Copied from Fangoria #252, and really not mine at all. The comments at the end are, though.
A Bigger Chill For Silent Hill — By Anthony C. Ferrante
Five years ago, when French director Christophe (Brotherhood of the Wolf) Gans first played Silent Hill on the PlayStation 1 game system, he found the hair rising on his skin and was truly frightened by what he was seeing and feeling. “I remember thinking, after two hours of playing, that there was something amazing there,” says Gans. “Hollywood sends me plenty of vampire scripts and stuff like that. For me, it’s so difficult to find something different in the horror genre, but here it was, and it was a game.”
Gans instantly called his frequent producer Samuel Hadida to see if the rights were available to adapt Silent Hill into a feature film (opening April 21 from Sony’s TriStar Pictures). However, after Hadida had left message after unanswered message with game creator Konami, Gans did what any self-respecting director would do: He begged.

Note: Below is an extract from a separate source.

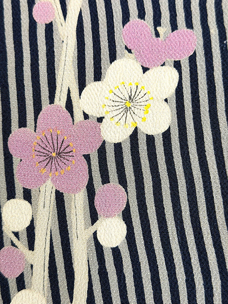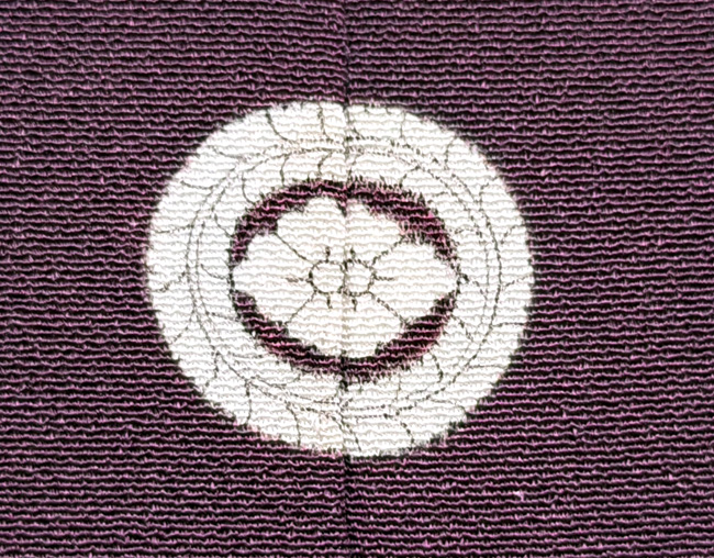静寂の空気を震わせて、4拍子が響きわたる、まさにその時を表現した、3つ紋付縮緬地です。

“A friend of mine was working at a TV channel and wanted to interview me about being a gamer, and I told him I would do it, but he would also have to shoot me separately, explaining why I wanted to make Silent Hill into a movie,” recalls Gans. “So he taped me, put Japanese subtitles on it and sent it to Konami. It was basically me facing the camera for 37 minutes, explaining why I wanted to do Silent Hill. They received it and screened it for the whole staff, and they were amazed. At that moment, Brotherhood of the Wolf was released in Japan, and Akira Yamaoka, the creator of the game, said, ‘That guy can do Silent Hill. He’s crazy about it and he’s going to respect what we have done.’ At the time, everyone was chasing the rights—Miramax, Cruise/Wanger, etc.—but we got it because of this interview I sent. If tomorrow I wanted something else, I would do exactly the same thing.”
Once the rights were secured, Gans was still knee-deep in preproduction on his next film, a prehistoric epic called Rahan. But when the financing fell out at the last minute, he was able to jump right into the Silent Hill world. With four games produced, the tricky part was figuring out where to start. He hooked up with his good friends and fellow screenwriter/directors Roger (Pulp Fiction) Avary and Nicolas Boukhrief, and they discussed how to bring the surreal, abstract scenarios of Silent Hill to the big screen.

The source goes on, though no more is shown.